To control reliability/compute trade-offs, you can pass in different **quality presets** to the TLM. The default preset is `low`.  For some use cases, this will be enough, but using the highest quality presets will produce *better* model responses and *more reliable* associated confidence scores (at the cost of extra computation).

```python
# supported quality presets are: 'best','high','medium','low','base'

tlm = studio.TLM(quality_preset='high')
output = tlm.prompt('<your prompt>')
```

**Details about the TLM quality presets**: 

- `best` and `high` will improve the LLM responses themselves, with `best` also returning the most reliable confidence scores.
- `medium` and `low` will return standard LLM responses along with associated confidence scores, with `medium` producing more reliable confidence scores than `low`.
- `base` will not return any confidence score, just an output response. This option is similar to using your favorite LLM. It helps you to compare the enhanced responses from `best` and `high` quality presets with a standard LLM, as well as the value of the additional confidence scores returned by TLM.

**Benchmark:**  Accuracy of answers from OpenAI LLM (GPT3.5-Turbo) vs. TLM with quality_preset=`best` (across 4 different Q&A datasets from different domains)

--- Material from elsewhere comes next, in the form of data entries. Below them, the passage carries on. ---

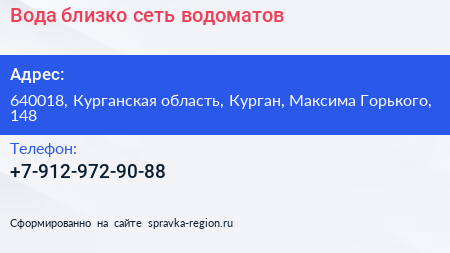 Вода близко, сеть водоматов по адресу 640018, Курганская область, Курган, Максима Горького, 148 в дальнейшем Организация, размещена в следующих категориях:
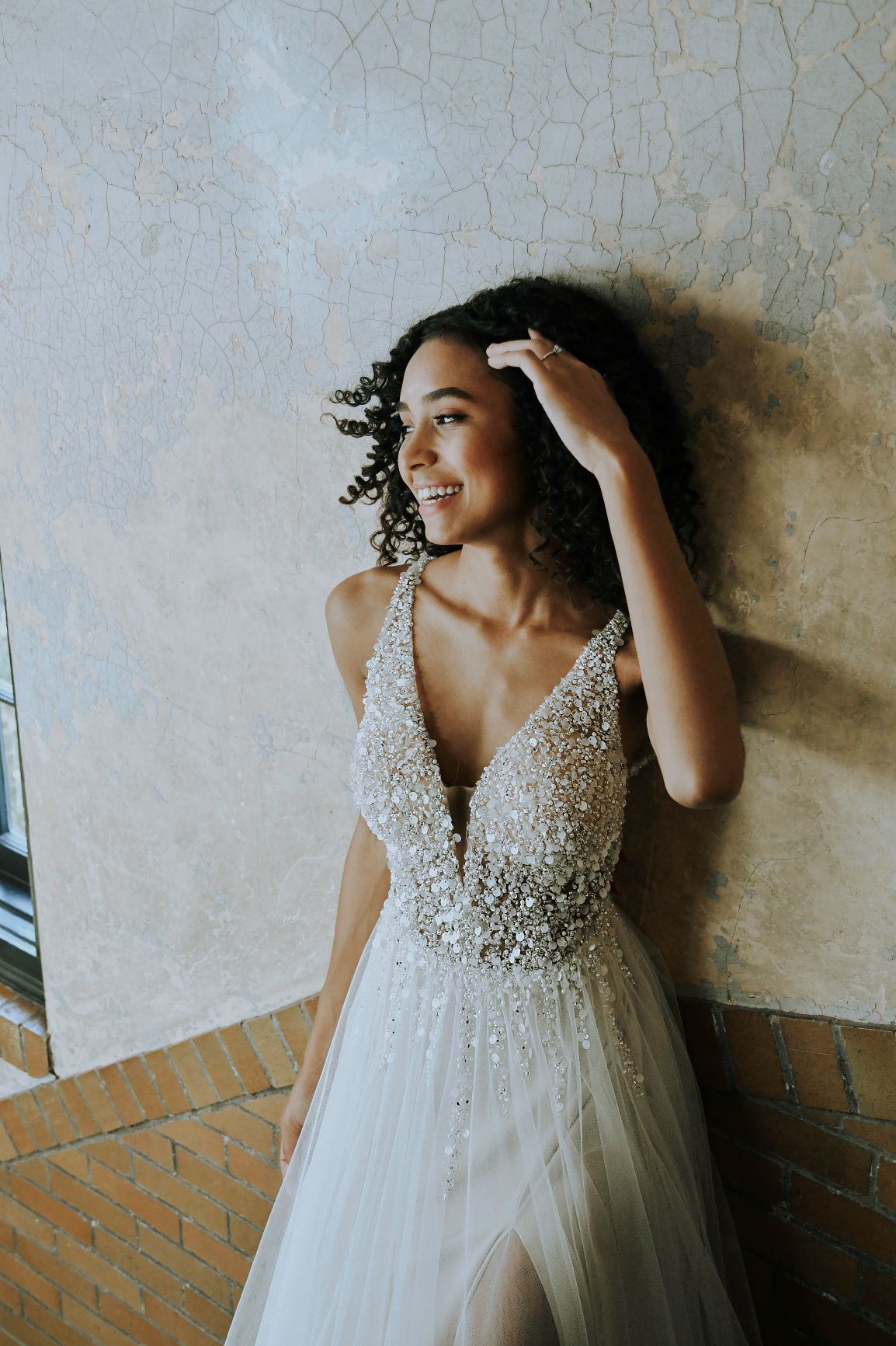 Details taking the spotlight this season include a variety of unique laces, taking form in a mix of organic florals and interesting graphic shapes. Also featured is a series of richly embroidered patterns, creating elegant forms over the body with thoughtful placement over each curve to enhance the figure. These strong visual features are complemented by an array of simple, minimalist-inspired straps and delicate trains for a clean and balanced look.
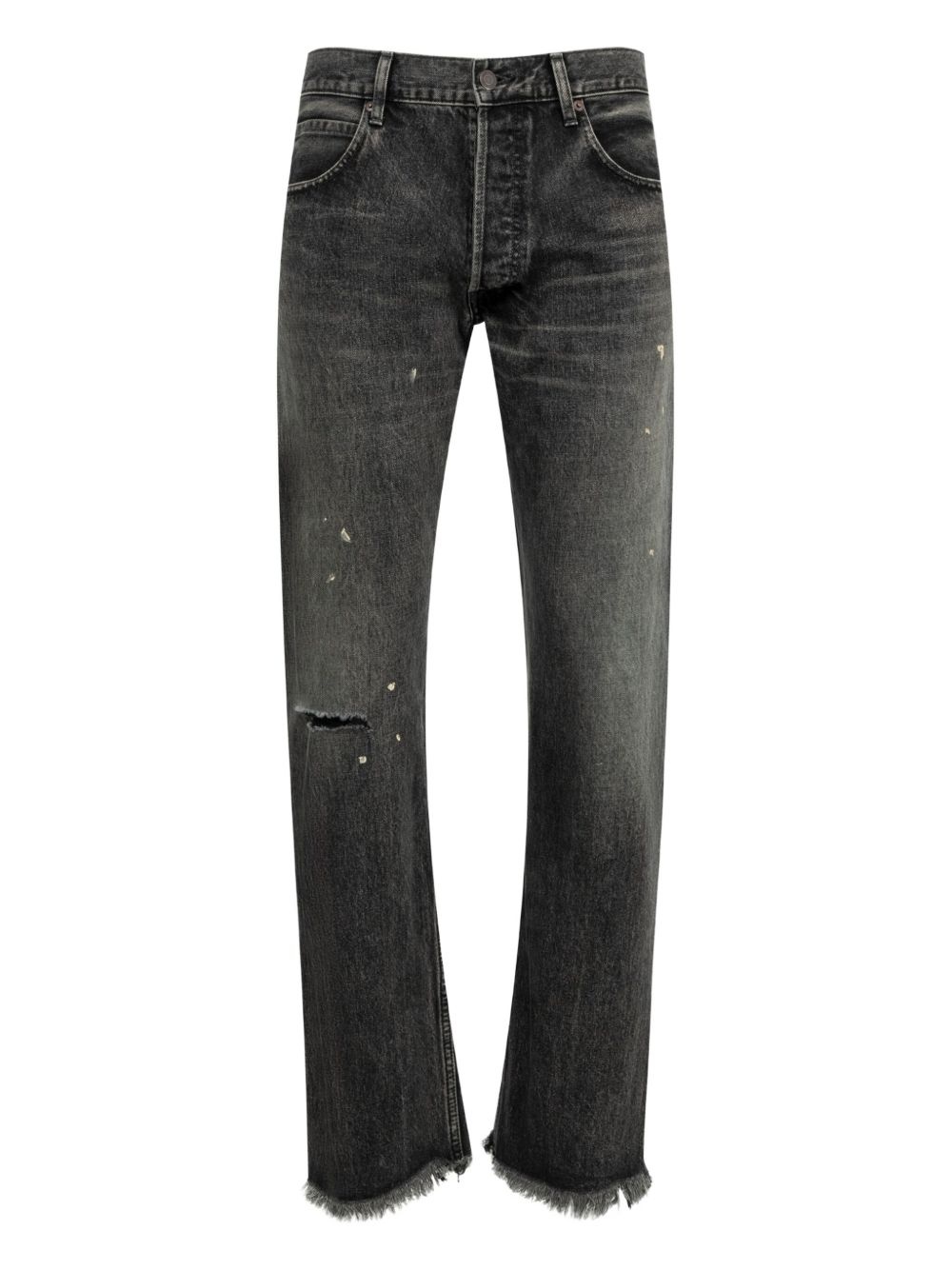 distressed jeans Highlights - Desert wash black - Distressed detail - Raw cut hem - Leather patch - Five-pocket styling - Button fly Imported Composition Cotton 100% Washing instructions Read Manufacturer Guidelines

| Dataset | OpenAI LLM | Cleanlab TLM |
| --- | --- | --- |
| GSM8K | 47% | 69% |
| CSQA | 72% | 73% |
| SVAMP | 75% | 82% |
| TriviaQA | 73% | 76% |

These benchmarks also reveal that, in the vast majority of cases, the confidence scores are lower for incorrect TLM answers than correct answers. Thus you can safely rely on these scores to alert you about LLM responses that are untrustworthy.

## Scoring the confidence of a given response

You can also use TLM to compute a confidence score for any response to a given prompt. The response does not need to come from TLM, and could be human-written. Simply pass a prompt response pair to the TLM and it will return a numerical score quantifying our confidence that this is a good response. 

```python
confidence_score = tlm.get_confidence_score(
	'<your prompt>', 
	response='<your response>'
)
```

## Questions

We’d love to hear any feedback you have, and as always, we’re available to answer any questions. The best place to ask is in our [Community Slack](https://cleanlab.ai/slack), or via email: [support@cleanlab.ai](mailto:support@cleanlab.ai)

**Note**: This beta version of TLM is not yet optimized for speed (or long contexts).  Focus mainly on the quality of the results you’re getting, and know that the inference latency (and context length) will be greatly improved shortly as we build out the supporting infrastructure.  This beta version does not yet support batching, so for now use a `for` loop to iterate over a dataset of many prompts. If getting results is taking really long, there may be too many TLM users hitting rate limits, in which case try: decreasing the `quality_preset`, shortening your prompt, or waiting until later to use it. We are increasing our infrastructure capacity to meet the surging beta demand.